Ambrose Bierce, Mauvaises pensées, le cherche midi, 2003.
La photo mondialisée, la photo entre les mains des fonds de pension
Sur le site Acrimed (site de réflexion critique sur les médias), un article intéressant d’ un photographe, sur la photographie de presse, partant d’un numéro de la revue Politis qui utilise en couverture une photo d’un mastondonte de l’image qui appartiens à un fonds de pension (démarche curieuse pour un média de gauche qui parle de changer la société), il en viens à la question suivante :
Ne retrouve-t-on pas dans le monde de la photographie et de la presse, des producteurs isolés, un marché globalisé, des prix de rémunération imposés par des intermédiaires et des acheteurs peu regardants sur les conditions de production ? Bref, des caractéristiques qui se répandent partout depuis que la « globalisation » ou la « mondialisation » ont hissé les « économies d’échelles », le « discount », le « low cost », en valeur en soi qui, dans le cas de la photographie, transforment un artisanat en terrain de stratégies financières ? Acrimed
Depuis, mettons 2005, la réponse à cette question est : oui ! Nous sommes dans la financiarisation ! La problématique formulée sous forme de question relève d’une certaine prudence qui n’ a plus lieu d’être. Le temps de poser des problématiques prudentes est dépassé ! Comme dirait La Boétie : «Ils ne sont grands que parce que nous sommes à genou.».
Le marché de la photo est déréglementé, mondialisé, c’est clair et net ! Et ce dans l’intérêt des structures les plus capitalistiques, structures qui n’ont aucun complexe à exploiter les travaux des amateurs via les microstocks et autres. Même les structures publiques leur donnent un coup de main en utilisant les visuels à 3 francs 6 sous, c’est dire la régression sociale dans laquelle nous sommes …

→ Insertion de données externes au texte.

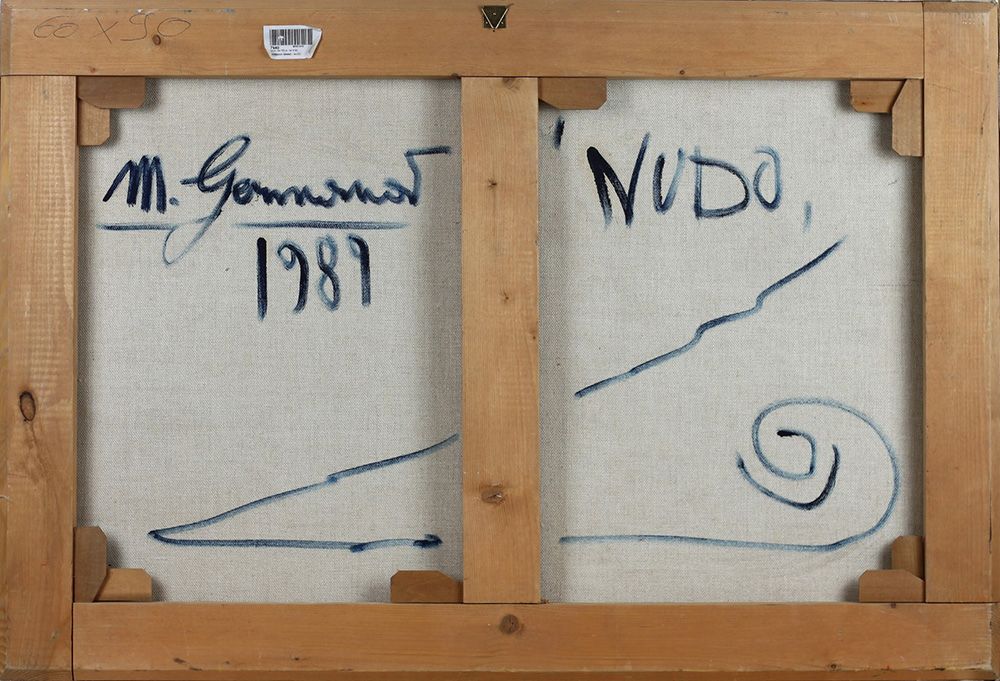 MIMMO GERMANA', Nudo, Olio su tela Anno 1989 Dim. 60x90 Opera senza cornice Provenienza collezione privata Opera archiviata al N.821 presso Archivio Generale dell'Opera Pittorica Mimmo Germanà Opera accompagnata da certificato di autenticità e garanzia a cura della Galleria d'Arte L'Acquario (Giulianova) Al verso data,titolo e firma
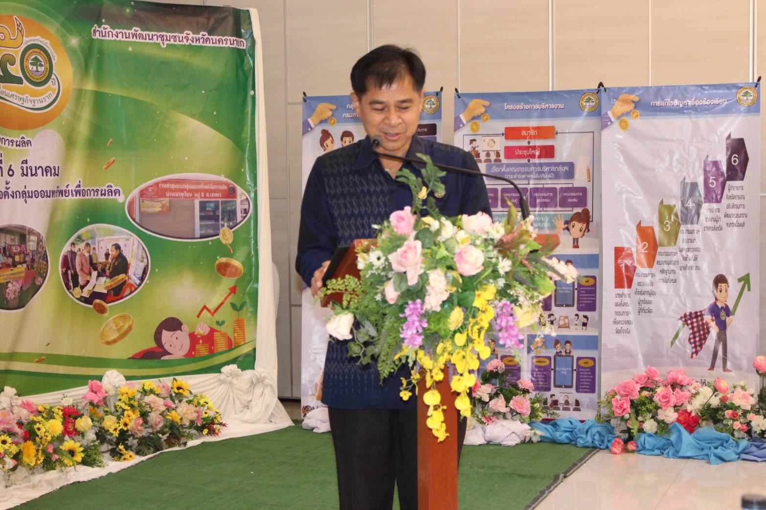 นายธนวัฒน์ ปิ่นแก้ว รองผู้ว่าราชการจังหวัดนครนายก ได้รับมอบหมายจากท่านผู้ว่าราชการจังหวัดนครนายก เดินทางมาเป็นประธานในพิธีเปิดมหกรรมการออม 50 ปี ทุนชุมชนขับเคลื่อนเศรษฐกิจฐานราก (ระดับภูมิภาค) ประจำปี 2567 มีการอ่านสารอธิบดีกรมการพัฒนาชุมชน เนื่องในโอกาสวันก่อตั้งกลุ่มออมทรัพย์เพื่อการผลิต ครบรอบ 5 ปี และได้กล่าวถึงการดำเนินงานกลุ่มออมทรัพย์เพื่อการผลิตว่า เป็นการ บูรณาการการทำงาน โดยมุ่งเน้นการส่งเสริมทุนชุมชนขับเคลื่อนเศรษฐกิจฐานราก ทำให้การขับเคลื่อนมีความชัดเจนเป็นรูปธรรม สามารถปฏิบัติได้จริง และบรรลุตามภารกิจของกรมการพัฒนาชุมชน และภารกิจกระทรวงมหาดไทยในการบำบัดทุกข์ บำรุงสุขให้ประชาชนเกิดความอุดมสมบูรณ์พูนสุข สามารถแก้ไขปัญหาความยากจน ลดความเหลื่อมล้ำของสังคม
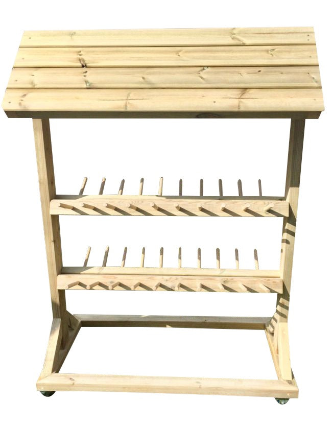 Outdoor play is fun in all weathers. Make sure your little ones are always prepared with our Wellie Boot Trolley which holds up to 20 pairs of wellington boots. The overhanging roof adds some protection from the elements.

Et c’est ainsi qu’au lieu d’un paradis je découvris l’aride désert du commerce. Je n’y aperçus que de la bêtise, sauf en ce qui concerne les affaires. Je ne rencontrai personne de propre, de noble et de vivant…Tout ce que je trouvai fut un égoïsme monstrueux, sans coeur, et un matérialisme grossier et glouton, aussi pratiqué que pratique. Jack London, Le Talon de fer.